== DATA PROVIDED ==
···

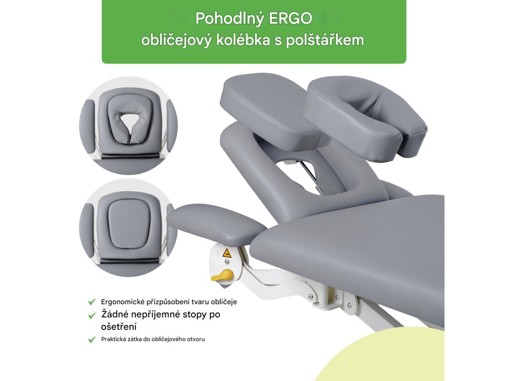 Nastavitelná opěrka hlavy s otvorem pro obličej a ERGO polštářem: zajišťuje pohodlí pacienta v poloze vleže na zádech i na břiše. Systém plynových pružin umožňuje snadné nastavení úhlu opěrky hlavy od -70° do +40°.
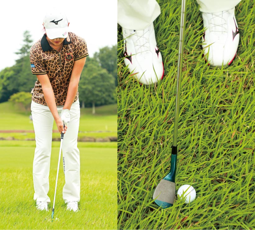 深いラフは状況によって抵抗が変わるので、単純に「この距離だからここまで振る」と決められません。私の場合は素振りで芝の抵抗を感じ、それに見合った強さで振るようにしています。芝の抵抗が強いときのために回転しやすい狭めのスタンス幅で構えます。
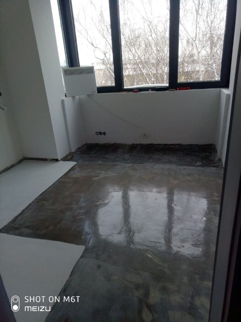 Следващият етап е да се изравни повърхността и да се елиминира разликата в нивата на старите подови настилки. За целта е положена 2 слоя изравнителна шпакловка Atriafloor Rasante One
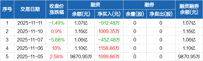 财信发展:融资净偿还912.48万元,融资余额1.07亿元(11-11)

···

== ABOUT THIS TASK ==
Copy out the lines exactly as written, beginning with the one that contains "深いラフは状況によって抵抗が" and ending with the last line of the material; do not include pictures.

== WRITTEN RESPONSE ==
 深いラフは状況によって抵抗が変わるので、単純に「この距離だからここまで振る」と決められません。私の場合は素振りで芝の抵抗を感じ、それに見合った強さで振るようにしています。芝の抵抗が強いときのために回転しやすい狭めのスタンス幅で構えます。
 Следващият етап е да се изравни повърхността и да се елиминира разликата в нивата на старите подови настилки. За целта е положена 2 слоя изравнителна шпакловка Atriafloor Rasante One
 财信发展:融资净偿还912.48万元,融资余额1.07亿元(11-11)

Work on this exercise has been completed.